Die wachsende Kluft zwischen Arm und Reich in Deutschland heizt die Diskussion darüber wieder an, wie Vermögende stärker zur Kasse gebeten werden könnten. .

Es geht bei dieser Debatte vorrangig um fünf Instrumente. Die Vermögensteuer, die den Bundesländern zugutekommt und unabhängig vom Einkommen auf Geld-, Wertpapier oder Immobilienbesitz erhoben wird, gibt es bereits. Aber sie wird seit einem Karlsruher Urteil von 1997, das die unterschiedliche Bewertung von Grundbesitz und sonstigem Vermögen rügte, nicht mehr erhoben. Die Vermögensabgabe wäre eine einmalige Leistung, die auch in Raten gezahlt werden könnte und dem Bund zugutekäme. Möglich wäre auch, die

Erbschaftsteuer zu erhöhen.

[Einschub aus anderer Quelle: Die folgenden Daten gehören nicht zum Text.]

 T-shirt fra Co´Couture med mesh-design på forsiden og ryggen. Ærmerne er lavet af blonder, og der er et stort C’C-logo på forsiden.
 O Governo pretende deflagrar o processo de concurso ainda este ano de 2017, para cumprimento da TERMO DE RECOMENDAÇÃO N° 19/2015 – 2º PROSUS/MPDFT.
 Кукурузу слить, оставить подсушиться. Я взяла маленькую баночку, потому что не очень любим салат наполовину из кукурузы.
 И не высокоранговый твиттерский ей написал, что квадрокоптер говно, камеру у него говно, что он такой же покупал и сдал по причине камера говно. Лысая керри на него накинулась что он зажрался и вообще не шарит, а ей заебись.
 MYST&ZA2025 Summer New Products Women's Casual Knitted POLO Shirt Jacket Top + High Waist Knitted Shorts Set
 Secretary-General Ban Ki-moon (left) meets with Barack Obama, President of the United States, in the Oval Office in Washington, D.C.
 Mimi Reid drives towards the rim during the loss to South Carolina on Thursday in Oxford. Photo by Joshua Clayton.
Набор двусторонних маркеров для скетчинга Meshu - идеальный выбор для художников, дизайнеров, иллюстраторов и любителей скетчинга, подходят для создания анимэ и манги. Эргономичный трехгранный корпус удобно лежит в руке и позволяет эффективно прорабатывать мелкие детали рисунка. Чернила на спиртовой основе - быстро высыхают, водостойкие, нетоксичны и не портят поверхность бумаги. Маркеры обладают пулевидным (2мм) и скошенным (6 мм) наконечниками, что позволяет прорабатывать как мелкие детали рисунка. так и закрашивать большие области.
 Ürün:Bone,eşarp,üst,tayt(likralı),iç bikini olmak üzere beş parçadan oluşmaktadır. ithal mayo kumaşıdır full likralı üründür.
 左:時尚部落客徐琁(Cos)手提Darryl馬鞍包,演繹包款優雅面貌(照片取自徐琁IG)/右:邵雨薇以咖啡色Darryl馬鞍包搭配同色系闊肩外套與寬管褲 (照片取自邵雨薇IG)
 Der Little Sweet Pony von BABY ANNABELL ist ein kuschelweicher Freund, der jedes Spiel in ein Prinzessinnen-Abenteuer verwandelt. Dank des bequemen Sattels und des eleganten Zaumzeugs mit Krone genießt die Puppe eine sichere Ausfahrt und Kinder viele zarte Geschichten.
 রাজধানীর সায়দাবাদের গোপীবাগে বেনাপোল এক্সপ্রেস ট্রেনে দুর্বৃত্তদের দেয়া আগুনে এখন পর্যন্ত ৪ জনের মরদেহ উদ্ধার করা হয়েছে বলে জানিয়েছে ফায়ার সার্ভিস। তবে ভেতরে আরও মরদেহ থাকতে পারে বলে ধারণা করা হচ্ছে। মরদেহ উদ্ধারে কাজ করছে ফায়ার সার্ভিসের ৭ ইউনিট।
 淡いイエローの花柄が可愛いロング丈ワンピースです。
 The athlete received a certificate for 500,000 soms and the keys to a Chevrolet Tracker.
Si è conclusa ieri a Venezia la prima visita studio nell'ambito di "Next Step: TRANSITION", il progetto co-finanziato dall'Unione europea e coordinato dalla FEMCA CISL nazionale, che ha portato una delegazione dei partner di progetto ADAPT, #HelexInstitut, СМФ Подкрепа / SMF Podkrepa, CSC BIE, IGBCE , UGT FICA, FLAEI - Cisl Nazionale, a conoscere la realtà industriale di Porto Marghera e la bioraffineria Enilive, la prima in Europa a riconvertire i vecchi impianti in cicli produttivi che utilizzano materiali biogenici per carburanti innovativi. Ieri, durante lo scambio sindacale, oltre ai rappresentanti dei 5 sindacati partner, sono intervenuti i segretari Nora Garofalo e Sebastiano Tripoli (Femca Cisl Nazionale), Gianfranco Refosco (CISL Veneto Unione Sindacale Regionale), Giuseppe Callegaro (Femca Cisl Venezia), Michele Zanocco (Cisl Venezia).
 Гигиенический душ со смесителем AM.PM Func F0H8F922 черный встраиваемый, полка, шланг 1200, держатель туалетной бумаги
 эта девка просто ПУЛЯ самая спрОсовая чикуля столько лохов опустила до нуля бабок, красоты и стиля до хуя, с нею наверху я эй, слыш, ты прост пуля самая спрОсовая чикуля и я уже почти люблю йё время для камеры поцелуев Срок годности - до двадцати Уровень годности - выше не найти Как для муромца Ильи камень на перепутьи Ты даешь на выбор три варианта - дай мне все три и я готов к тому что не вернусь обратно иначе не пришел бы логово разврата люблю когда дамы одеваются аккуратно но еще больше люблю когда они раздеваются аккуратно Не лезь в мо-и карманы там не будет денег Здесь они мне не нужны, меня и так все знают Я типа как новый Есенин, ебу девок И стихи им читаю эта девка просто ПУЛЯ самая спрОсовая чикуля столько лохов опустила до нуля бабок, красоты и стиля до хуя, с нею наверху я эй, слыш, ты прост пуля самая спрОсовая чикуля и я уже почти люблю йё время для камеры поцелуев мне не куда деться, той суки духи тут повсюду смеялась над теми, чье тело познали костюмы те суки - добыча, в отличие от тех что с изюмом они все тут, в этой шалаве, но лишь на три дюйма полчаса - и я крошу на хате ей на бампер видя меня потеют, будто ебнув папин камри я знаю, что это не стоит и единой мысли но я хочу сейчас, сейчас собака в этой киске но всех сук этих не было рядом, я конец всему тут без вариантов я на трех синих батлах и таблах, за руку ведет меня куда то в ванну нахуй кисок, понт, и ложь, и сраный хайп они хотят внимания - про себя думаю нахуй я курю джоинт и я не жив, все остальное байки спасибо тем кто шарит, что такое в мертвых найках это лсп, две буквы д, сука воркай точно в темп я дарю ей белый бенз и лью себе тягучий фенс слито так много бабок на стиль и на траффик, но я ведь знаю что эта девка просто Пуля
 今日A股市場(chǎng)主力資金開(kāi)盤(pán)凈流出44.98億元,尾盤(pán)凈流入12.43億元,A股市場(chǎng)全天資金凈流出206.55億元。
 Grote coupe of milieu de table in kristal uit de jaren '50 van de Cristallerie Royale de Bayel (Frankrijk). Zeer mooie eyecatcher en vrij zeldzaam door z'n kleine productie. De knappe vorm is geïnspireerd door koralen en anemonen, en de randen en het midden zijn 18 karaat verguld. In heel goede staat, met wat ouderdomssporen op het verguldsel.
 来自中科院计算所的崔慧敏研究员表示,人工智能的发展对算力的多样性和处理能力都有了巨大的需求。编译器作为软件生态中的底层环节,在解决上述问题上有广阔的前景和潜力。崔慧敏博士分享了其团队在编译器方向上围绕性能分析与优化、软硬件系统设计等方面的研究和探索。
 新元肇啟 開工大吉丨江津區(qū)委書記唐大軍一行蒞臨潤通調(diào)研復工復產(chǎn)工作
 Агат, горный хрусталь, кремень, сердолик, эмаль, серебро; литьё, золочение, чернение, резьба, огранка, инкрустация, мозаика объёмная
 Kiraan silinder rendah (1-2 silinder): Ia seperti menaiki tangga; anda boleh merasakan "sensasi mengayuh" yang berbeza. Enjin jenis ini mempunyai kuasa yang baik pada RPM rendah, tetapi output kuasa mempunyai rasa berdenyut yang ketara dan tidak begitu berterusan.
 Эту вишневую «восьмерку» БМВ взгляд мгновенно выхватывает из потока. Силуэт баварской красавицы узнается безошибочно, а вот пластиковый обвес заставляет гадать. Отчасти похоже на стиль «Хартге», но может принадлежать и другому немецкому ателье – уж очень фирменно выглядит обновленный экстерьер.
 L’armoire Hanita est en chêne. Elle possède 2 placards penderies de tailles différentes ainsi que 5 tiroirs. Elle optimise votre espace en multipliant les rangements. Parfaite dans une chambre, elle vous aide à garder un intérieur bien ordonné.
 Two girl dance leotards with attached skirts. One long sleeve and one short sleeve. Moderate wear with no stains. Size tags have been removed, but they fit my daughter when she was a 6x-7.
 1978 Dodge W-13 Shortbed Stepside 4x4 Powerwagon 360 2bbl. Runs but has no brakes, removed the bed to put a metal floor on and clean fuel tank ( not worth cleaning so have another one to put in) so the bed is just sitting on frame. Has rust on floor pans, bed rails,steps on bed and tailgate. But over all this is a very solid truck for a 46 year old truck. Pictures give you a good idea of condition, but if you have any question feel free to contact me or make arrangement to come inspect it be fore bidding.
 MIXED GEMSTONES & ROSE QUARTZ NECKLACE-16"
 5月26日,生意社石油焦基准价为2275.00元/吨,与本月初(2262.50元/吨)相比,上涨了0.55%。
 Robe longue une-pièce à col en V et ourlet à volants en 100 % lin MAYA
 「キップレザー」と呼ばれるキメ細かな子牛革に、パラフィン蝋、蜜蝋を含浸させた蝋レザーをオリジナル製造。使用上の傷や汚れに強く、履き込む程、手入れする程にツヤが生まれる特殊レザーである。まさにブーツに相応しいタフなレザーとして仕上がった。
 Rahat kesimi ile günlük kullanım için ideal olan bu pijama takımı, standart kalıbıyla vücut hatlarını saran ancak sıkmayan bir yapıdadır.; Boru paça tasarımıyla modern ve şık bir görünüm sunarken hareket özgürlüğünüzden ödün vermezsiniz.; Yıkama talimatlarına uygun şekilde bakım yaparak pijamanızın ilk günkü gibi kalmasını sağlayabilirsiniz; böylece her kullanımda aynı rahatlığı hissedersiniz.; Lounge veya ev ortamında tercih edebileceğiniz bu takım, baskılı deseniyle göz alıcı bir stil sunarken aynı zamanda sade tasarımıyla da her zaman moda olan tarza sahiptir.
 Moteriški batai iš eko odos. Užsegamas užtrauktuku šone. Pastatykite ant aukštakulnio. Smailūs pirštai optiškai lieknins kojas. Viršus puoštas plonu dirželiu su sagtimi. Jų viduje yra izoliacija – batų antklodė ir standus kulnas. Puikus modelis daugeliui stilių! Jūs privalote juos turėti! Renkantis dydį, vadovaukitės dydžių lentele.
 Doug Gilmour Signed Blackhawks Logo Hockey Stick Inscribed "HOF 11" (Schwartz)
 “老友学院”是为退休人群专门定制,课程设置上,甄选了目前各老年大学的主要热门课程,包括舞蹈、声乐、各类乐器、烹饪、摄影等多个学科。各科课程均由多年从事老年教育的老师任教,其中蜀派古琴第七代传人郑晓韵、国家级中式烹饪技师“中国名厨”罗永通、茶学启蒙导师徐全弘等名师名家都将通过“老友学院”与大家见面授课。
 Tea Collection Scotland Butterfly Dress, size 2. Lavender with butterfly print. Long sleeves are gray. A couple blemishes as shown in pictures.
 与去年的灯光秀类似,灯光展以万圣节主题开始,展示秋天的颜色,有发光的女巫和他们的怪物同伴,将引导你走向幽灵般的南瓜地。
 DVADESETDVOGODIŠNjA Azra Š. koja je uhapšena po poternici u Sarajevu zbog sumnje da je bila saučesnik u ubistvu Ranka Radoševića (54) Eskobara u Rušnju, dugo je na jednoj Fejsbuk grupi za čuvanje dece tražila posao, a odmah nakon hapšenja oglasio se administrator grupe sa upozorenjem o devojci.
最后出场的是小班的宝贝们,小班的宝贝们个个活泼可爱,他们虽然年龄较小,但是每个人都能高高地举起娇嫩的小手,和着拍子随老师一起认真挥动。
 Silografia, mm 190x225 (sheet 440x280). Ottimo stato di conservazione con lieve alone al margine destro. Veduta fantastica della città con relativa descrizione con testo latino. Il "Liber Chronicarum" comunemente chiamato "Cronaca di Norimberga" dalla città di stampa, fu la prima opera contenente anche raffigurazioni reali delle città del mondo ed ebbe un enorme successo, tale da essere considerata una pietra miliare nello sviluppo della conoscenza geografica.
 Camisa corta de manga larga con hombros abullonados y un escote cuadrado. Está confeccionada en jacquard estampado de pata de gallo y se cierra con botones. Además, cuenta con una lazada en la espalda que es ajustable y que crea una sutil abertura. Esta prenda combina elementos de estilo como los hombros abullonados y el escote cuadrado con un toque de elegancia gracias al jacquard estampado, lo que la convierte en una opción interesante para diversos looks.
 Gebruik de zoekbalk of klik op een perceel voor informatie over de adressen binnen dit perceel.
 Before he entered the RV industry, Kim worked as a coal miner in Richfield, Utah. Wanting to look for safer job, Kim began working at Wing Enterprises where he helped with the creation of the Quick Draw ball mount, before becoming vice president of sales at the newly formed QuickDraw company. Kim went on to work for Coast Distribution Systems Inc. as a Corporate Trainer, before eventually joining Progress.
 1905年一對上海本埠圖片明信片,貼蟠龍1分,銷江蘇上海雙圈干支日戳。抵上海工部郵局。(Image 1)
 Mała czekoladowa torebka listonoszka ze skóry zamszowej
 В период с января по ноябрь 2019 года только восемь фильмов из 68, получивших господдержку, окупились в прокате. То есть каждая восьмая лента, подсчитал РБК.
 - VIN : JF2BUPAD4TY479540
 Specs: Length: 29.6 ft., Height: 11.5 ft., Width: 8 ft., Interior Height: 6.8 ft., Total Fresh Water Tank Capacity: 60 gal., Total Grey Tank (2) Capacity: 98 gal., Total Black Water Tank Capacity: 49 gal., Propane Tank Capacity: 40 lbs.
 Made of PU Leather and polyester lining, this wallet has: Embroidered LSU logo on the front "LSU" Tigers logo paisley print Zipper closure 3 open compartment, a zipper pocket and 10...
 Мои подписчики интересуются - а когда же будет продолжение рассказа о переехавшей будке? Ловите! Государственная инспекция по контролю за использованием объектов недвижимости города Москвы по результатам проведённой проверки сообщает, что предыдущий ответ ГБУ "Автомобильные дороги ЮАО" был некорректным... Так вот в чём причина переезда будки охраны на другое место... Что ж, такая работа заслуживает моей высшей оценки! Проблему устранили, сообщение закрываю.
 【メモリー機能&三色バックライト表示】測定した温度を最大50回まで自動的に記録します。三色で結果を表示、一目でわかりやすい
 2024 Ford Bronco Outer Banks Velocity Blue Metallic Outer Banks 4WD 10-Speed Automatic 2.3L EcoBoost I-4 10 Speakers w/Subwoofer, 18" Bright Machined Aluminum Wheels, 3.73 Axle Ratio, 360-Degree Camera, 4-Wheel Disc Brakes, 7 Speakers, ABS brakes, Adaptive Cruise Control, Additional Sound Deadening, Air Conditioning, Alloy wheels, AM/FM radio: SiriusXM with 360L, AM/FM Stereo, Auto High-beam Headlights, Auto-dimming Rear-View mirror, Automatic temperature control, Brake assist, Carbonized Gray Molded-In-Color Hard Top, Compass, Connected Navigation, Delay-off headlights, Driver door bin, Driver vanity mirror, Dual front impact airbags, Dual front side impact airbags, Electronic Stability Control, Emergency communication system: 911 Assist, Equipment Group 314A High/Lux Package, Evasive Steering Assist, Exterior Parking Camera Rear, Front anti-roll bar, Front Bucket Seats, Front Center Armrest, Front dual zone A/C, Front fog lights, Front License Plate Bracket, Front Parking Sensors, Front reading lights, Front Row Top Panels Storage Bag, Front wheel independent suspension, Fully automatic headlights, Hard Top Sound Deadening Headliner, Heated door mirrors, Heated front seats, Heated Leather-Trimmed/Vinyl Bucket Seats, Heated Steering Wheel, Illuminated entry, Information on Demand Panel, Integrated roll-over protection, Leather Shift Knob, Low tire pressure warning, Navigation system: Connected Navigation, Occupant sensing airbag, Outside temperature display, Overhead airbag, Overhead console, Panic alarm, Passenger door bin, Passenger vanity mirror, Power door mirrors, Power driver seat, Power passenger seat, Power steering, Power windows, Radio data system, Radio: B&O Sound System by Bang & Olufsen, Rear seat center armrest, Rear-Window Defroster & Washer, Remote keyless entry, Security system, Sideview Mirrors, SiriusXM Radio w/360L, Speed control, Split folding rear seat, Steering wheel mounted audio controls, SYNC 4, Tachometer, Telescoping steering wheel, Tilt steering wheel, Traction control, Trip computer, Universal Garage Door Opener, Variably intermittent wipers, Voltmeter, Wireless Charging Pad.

Sie fließt in die Kassen der Bundesländer und beträgt derzeit für erbende Ehe- oder Lebenspartner beziehungsweise Kinder bei einem Freibetrag von 500 000 beziehungsweise 400 000 Euro zwischen 7 und 30 Prozent – je nach Höhe des geerbten Vermögens.

Die Reichensteuer, 2007 von der großen Koalition eingeführt, ist eigentlich nur ein erhöhter Satz der Einkommensteuer für besonders hohe Einkommen. Zur Zeit werden 45 Prozent (plus Solidaritätszuschlag) ab einem zu versteuernden Einkommen von 250 000 Euro erhoben. Der „normale“ Steuerhöchstsatz beträgt 42 Prozent für Einkommen ab 52 882 Euro, das ist der niedrigste seit Einführung dieser Steuer.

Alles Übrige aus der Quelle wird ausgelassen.